Bangun Pabrik pada Subang, VinFast Kucurkan Rp3,2 Trilun

Fibingunp – JAKARTA – VinFast telah terjadi menggelontorkan dana sebesar Rp3,2 triliun untuk merancang pabrik di area Subang, Jawa Barat. Fasilitas yang disebutkan ditargetkan akan rampung pada tahun ini dan juga akan secara langsung menjalani acara uji produksi.
Pham Sanh Chayu, ketua eksekutif VinFast Asia mengungkapkan pihaknya berharap akhir tahun ini pabrik dalam Subang sudah ada selesai. Sehingga, pihaknya bisa jadi melakukan produksi pada awal tahun depan untuk memenuhi aturan dari pemerintah.
“Kami mencoba untuk selesaikan tahun ini. Pabrik beroperasi serta mulai produksi tahun ini. Kami bukan sanggup memastikan, tapi kami berharap untuk mencapainya,” kata Chayu.
Chayu menjelaskan untuk mengoperasikan suatu pabrik, teristimewa kendaraan listrik, ada banyak faktor yang tersebut perlu diperhatikan. Sebab, sebagian tahapan berhubungan dengan segera dengan listrik tegangan tinggi.
“Itu bergantung pada keamanan lingkungan, permintaan untuk pembinaan, air, koneksi tata kelola listrik.

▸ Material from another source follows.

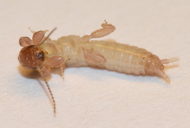 Los embiópteros se distribuyen principalmente por los trópicos. En la Península Ibérica tenemos citas de 6 especies pertenecientes a dos familias, Embiidae y Oligotomidae [1]. De hecho, parecen pocas, lo cual da a entender que es un taxón poco estudiado. La especie común en el noreste donde vivo es Embia ramburi, cuyos machos carecen de alas [2]. Tienen el cuerpo de un fuerte tono oscuro. Llegan a medir más de 1 centímetro de longitud. En cambio, los tejedores que he encontrado en el bloque de raticida, miden cerca de 6 milímetros y tienen el cuerpo marrón claro. Podría tratarse de una especie del género Haploembia, familia Oligotomidae. Según los manuales, H. solieri está extendida por el sur de Europa [2].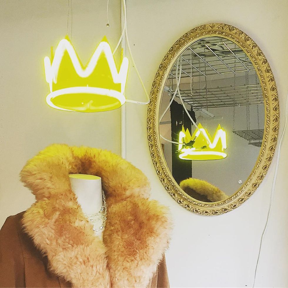 In a similar vein, his visual work promotes a desire within the viewer to be someone else or to hold a status above their own. Again, the viewer is a participant in the work, viewing themselves in a mirror where they are seen to be wearing a neon crown and decorative furs. The role-playing as fairy tale king is a sole activity, as suggested by the mirror. It is an instance in which the viewer is to look upon themselves as someone else, assumed to hold a position of power. This piece predating Instagram filters, allows passersby to imagine themselves as someone else if for just a moment, causing amusement so temporary one cannot help but be discontent when submitting their position of power to resume the role of their ordinary selves.

Jika semua orang membantu kami dengan cepat, maka kita mampu melakukannya dengan cepat,” ujarnya.
“Tapi target harusnya adalah tahun ini. Jadi, akhir tahun 2025 (pabrik bisa jadi beroperasi),” lanjut Chayu.

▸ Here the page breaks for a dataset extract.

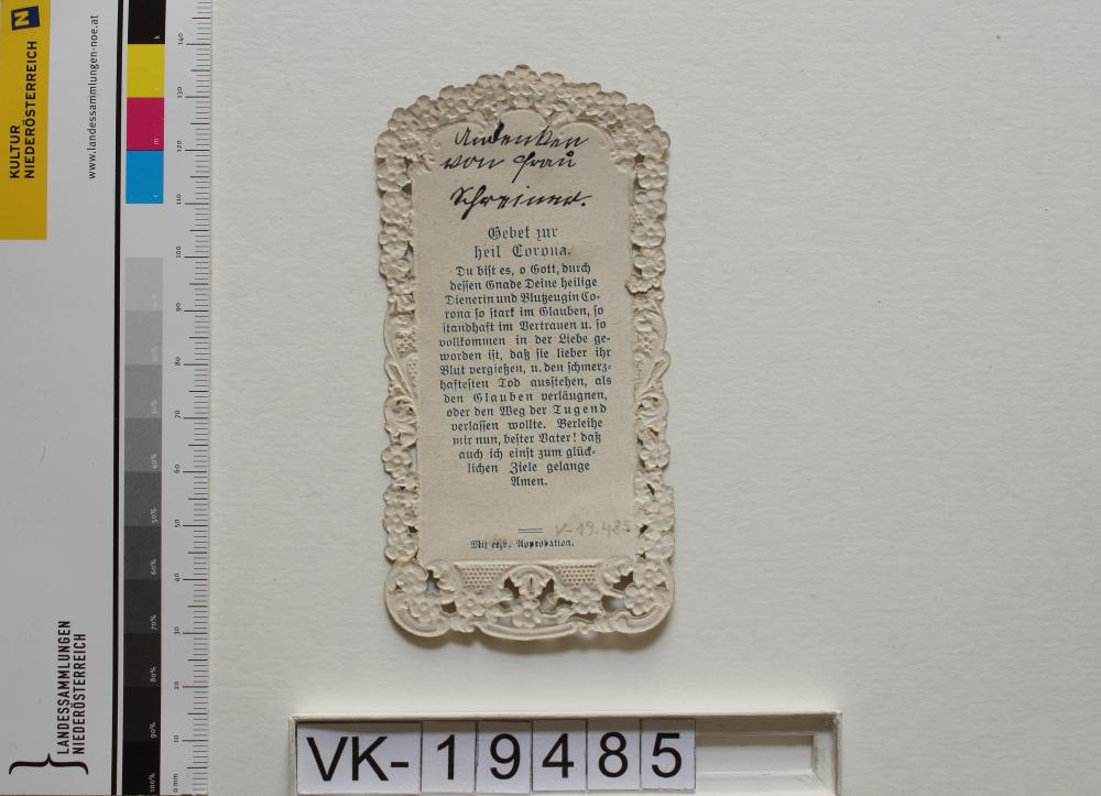 Sankt Corona am Wechsel; Vorderseite: Gnadenbild = Hl. Corona als Gekrönte (mit Krone, Palmzweig, Lilie), Wallfahrtskirche, Engel, Blumen (Vergissmeinnicht), "Hl. Corona bitt für uns"; Rückseite: "Gebet zur heil Korona", handschriftlich "Andenken von Frau Schreiner"

Pabrik VinFast akan berdiri di tempat melawan lahan lebih lanjut dari 100 hektar. Kapasitas pabrik VinFast mencapai 50 ribu unit per tahun dengan target penyerapan tenaga kerja sebanyak 1.000 hingga 3.000 orang.
VinFast menjadwalkan pabrik ini mulai beroperasi pada kuartal 4 2025 untuk memproduksi mobil listrik setir kanan. Fasilitas produksi VinFast akan mencakup beberapa area produksi utama seperti Body Shop, General Assembly Shop, Paint Shop area pengujian, lalu lain-lain.
Fasilitas produksi ini dinilai sangat strategis dikarenakan berdekat dengan pelabuhan. Sehingga sangat memungkinkan bagi produsen selama Vietnam yang dimaksud pada mengeskspor mobil hasil rakitan Indonesia ke beberapa negara Asia Tenggara.